Principles of Large Scale Systems: January 2008

Joel Spolsky posted an article today on system availability. He postulated some widely held, but in my opinion misguided notions about the viability of building highly-available systems entitled the "Five Whys".

To paraphrase, Joel argued that there are classes of failures that can't be anticipated and that instead of trying to anticipate them or how to measure your progress in system hardening through SLA metrics, you should focus on your diagnosis, root cause, and resolution process.

I agree those processes are necessary, but they are not sufficient. Building highly available software is possible. The processes, tools, and infrastructure necessary to guarantee availability does have a cost. Here is my analysis of where Joel's goes off track:

a) Joel describes an example of a poorly configured router causing a serious outage. He proceeds to argue that creating an SLA around the router isn't the right thing to do based on the opinion that many failure events are "unknown unknowns" or Black Swans. However, the poorly configured router is clearly an example of a "known known" and not a Black Swan. Someone busted the configuration. There are a number of easy ways this could have been prevented. Peer review of configuration, automated configuration installation, configuration validation tools, checklists are all viable solutions and relatively low-cost solutions that would have eliminated this problem.

b) Joel further argues that trying to have "6 nines" availability is a ridiculous goal as it is less than 30 seconds downtime per year. He has a point that most any event will be more than seconds long and so "6 nines" measured in a year is effectively 100%. If you're shooting for 6 nines, then you need to measure over a longer time-period than a year. That said, it doesn't invalidate the whole notion of an minute-based availability metric. There is a material difference between 99%, 99.9%, 99.99% and 99.999% availability. They are an order of magnitude each. 99% is 5,260 minutes of downtime a year -- 87 hours or 3.6 days! 99.9% is 526 minutes or 8.7 hours of downtime per year. There is sufficient granularity in those numbers to be statistically significant over a year. I don't believe you can argue that black-swan events should cause 3.6 days of downtime per-year and ideally you'd be much less than 8.7 hours/year too, making 4 9's a very reasonable target.

c) The entire notion that Joel describes of an "unexpected unexpected" in a deterministic computer system seems far-fetched to me. Large-scale systems only appear to be Brownian in nature when they're poorly built and poorly understood. Computer systems are deterministic in nature. What part of a deterministic system's behavior should be "unexpected"? I understand that many people may not take the time to understand the system, or the system may have evolved to a state of complexity beyond human comprehension, but that needn't be the case.

d) SLAs matter because you need to set a standard for yourself and strive to meet it. Failing to set a standard is a recipe for complacency.

e) Joel argues that continuous improvement after an event occurs is the best solution to increasing availability. Continuous improvement is good, but depending on the number of lurking issues it can take a very long time. Continuous improvement will only drive up system availability only if the rate of fixing root causes is higher than the rate of introducing new problems. If system entropy is increasing, then your continuous improvement process will continue to fall behind.

f) Joel also argues that some events are over a long-enough time period that they can't be predicted. "They're the kind of things that happen so rarely it doesn't even make sense to use normal statistical methods like 'mean time between failure.' What's the 'mean time between catastrophic floods in New Orleans?'" Over a long enough time scale you absolutely can predict the "mean time between catastrophic floods in New Orleans." It is a mean, not an absolutely prediction. Means account for variance. You can't say precisely that "in 2012 there will be another class-5 hurricane", but you can state the probability and use that to define an MTBF. In fact, that analysis had been done and the risk had been assessed and the US choose not to make the investments necessary. The structural flaws in the levees had been identified in 1986. I for one am glad that the government is not throwing up its hands and saying "major floods can't be predicted or mitigated" but is instead doing further investment in the flooding and disaster models and attempting to decide how to respond.

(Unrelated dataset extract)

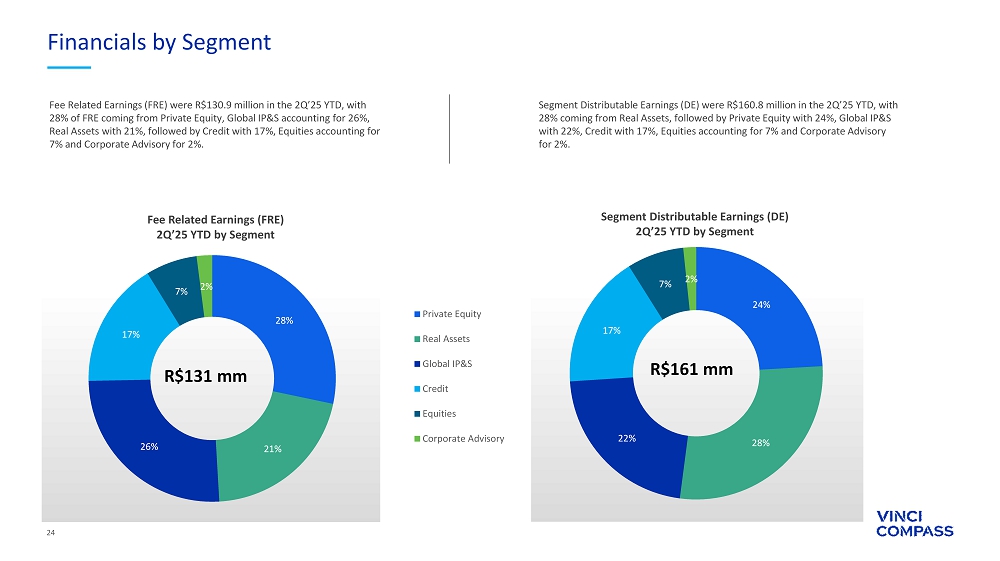 24 Financials by Segment Fee Related Earnings (FRE) 2Q ’25 YTD by Segment Segment Distributable Earnings (DE) 2Q’25 YTD by Segment Fee Related Earnings (FRE) were R$130.9 million in the 2Q’25 YTD, with 28% of FRE coming from Private Equity, Global IP&S accounting for 26%, Real Assets with 21%, followed by Credit with 17%, Equities accounting for 7% and Corporate Advisory for 2%. Segment Distributable Earnings (DE) were R$160.8 million in the 2Q’25 YTD, with 28% coming from Real Assets, followed by Private Equity with 24%, Global IP&S with 22%, Credit with 17%, Equities accounting for 7% and Corporate Advisory for 2%. R$161 mm R$131 mm 28% 21% 26% 17% 7% 2% 24% 28% 22% 17% 7% 2% Private Equity Real Assets Global IP&S Credit Equities Corporate Advisory

I do agree with some of his points.

1) Availability has a cost. You need to decide as an organization what level of availability you and your customers want to achieve, estimate the costs, and assess at what point you want to make that investment. You then need to invest in the processes, tools, technologies, infrastructure, and high-quality vendors who can allow you to meet that cost.

2) I agree that 99.999% or 99.9999% are effectively equivalent to 100% when measured in minutes over a year. A years worth of minutes isn't statistically significant at those levels. His point about AT&T is valid measured over a year, but if AT&T's last significant outage was in 1991 then they've clearly proven that high availability is possible.

3) You must identify the root cause. Patching the symptoms does not increase stability.

4) Continuous improvement processes are good. You must have them. But don't just do them after a failure. Audits are valuable tools, simulated scenarios are valuable.

We must not accept that higher-quality software and systems at lower cost is impossible. We must continue to innovate so that we can delivery higher-quality at lower cost or someone else will. In every case, the answer is to increase the standards and push the creative engineering talent we have to meet those standards. SLAs are important and valuable yard-sticks.

Debate, particularly technical debate, is healthy. Debate helps flesh out the issues. It helps build shared context. It illuminates hidden requirements or hidden biases.

Debate can be passionate, even heated. Debate is not comfortable for everyone. Debate can favor those most skilled in the techniques of debate. Debate can leave people feeling dissatisfied or disenfranchised. Debate can ruin a team.

The question is how do you create an environment that fosters productive debate while avoiding the negative aspects?

Debate is a process. It has steps and guidelines, triggers and rules. Here are the process guidelines that I've used to help promote healthy debate:

a) Recognize debate is a process. It has a beginning, middle, and end. Debate will not continue indefinitely without resolution. The goal is for the participants to all reach a joint conclusion. That may not be possible, but the ultimate decision should be intellectual not emotional, and all participants should understand each perspective.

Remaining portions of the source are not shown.